With his Texas Rangers team taking on the Baltimore Orioles, Hamilton hit four homers in the course of going five-for-five overall (he also hit a double) with eight RBI. He’s the first to accomplish the feat since Carlos Delgado pulled it off for the Toronto Blue Jays in 2003. It truly was a game for the ages. Not only did Hamilton hit four homers, but his 18 total bases set a new single-game American League record (the MLB record is 19, set by Shawn Green in 2002). It’s only the sixth time an American League player has gone deep four times in a game.
It’s the hitter’s equivalent of a perfect game – the two feats historically have occurred at about the same rate, although the recent spate of perfect games has thrown off the equilibrium just a bit. In fact, this is the first season in major league history that has seen both a four-homer game by a hitter and a perfect game by a pitcher.
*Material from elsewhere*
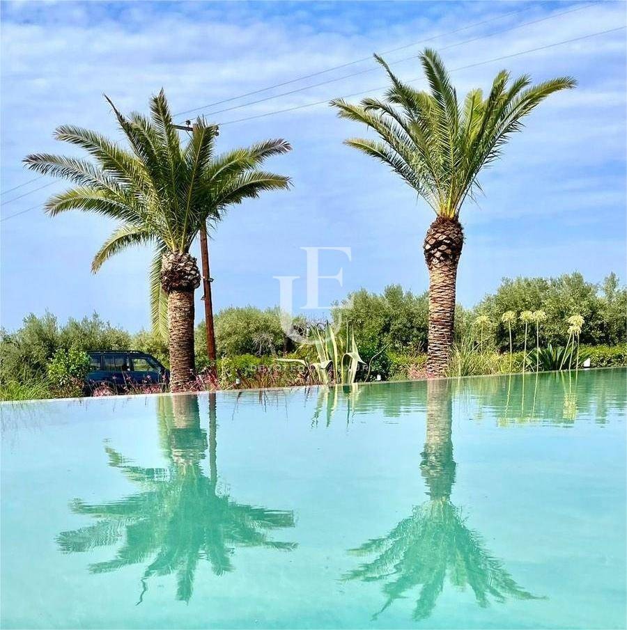 Къщата впечатлява с модерна архитектура, висок клас изпълнение и стилно, напълно обзаведен интериор, готов за незабавно ползване. Разположена върху просторен парцел от 5 900 кв.м, тя предлага усещане за свобода и хармония, допълнени от богато озеленен двор с над 30 стари маслинови дървета източник на собствено производство на висококачествен зехтин. Палмови дървета, внесени от Испания, създават автентична средиземноморска атмосфера и завършват усещането за луксозен начин на живот.

There may have been a few more impressive four-homer games than Hamilton’s (Mark Whiten’s four bombs came with 12 RBI in 1993; Green had those 19 total bases), but not many. The Delgado game is regarded by some as the true “perfect game” for a hitter – four at bats, four home runs – but in terms of pure impact, Hamilton outperforms all but a scant few.
It’s a particularly nice story because it features Josh Hamilton, a man who started his baseball career as a can’t-miss number-one draft pick before rapidly spiraling into a morass of substance abuse, addiction and despair. Despite his plunge to rock bottom – or perhaps because of it – Hamilton has reemerged in the past few years as the elite baseball talent he was always expected to be. This most recent feat, however, is far beyond even the highest of expectations.
One of baseball’s biggest appeals is its wonderful sense of the past. With epic games like the one Josh Hamilton had, it’s an excuse to take a stroll back through time and revisit some of the prodigious power hitting feats that had come before. It’s a great game; you never know when history may happen.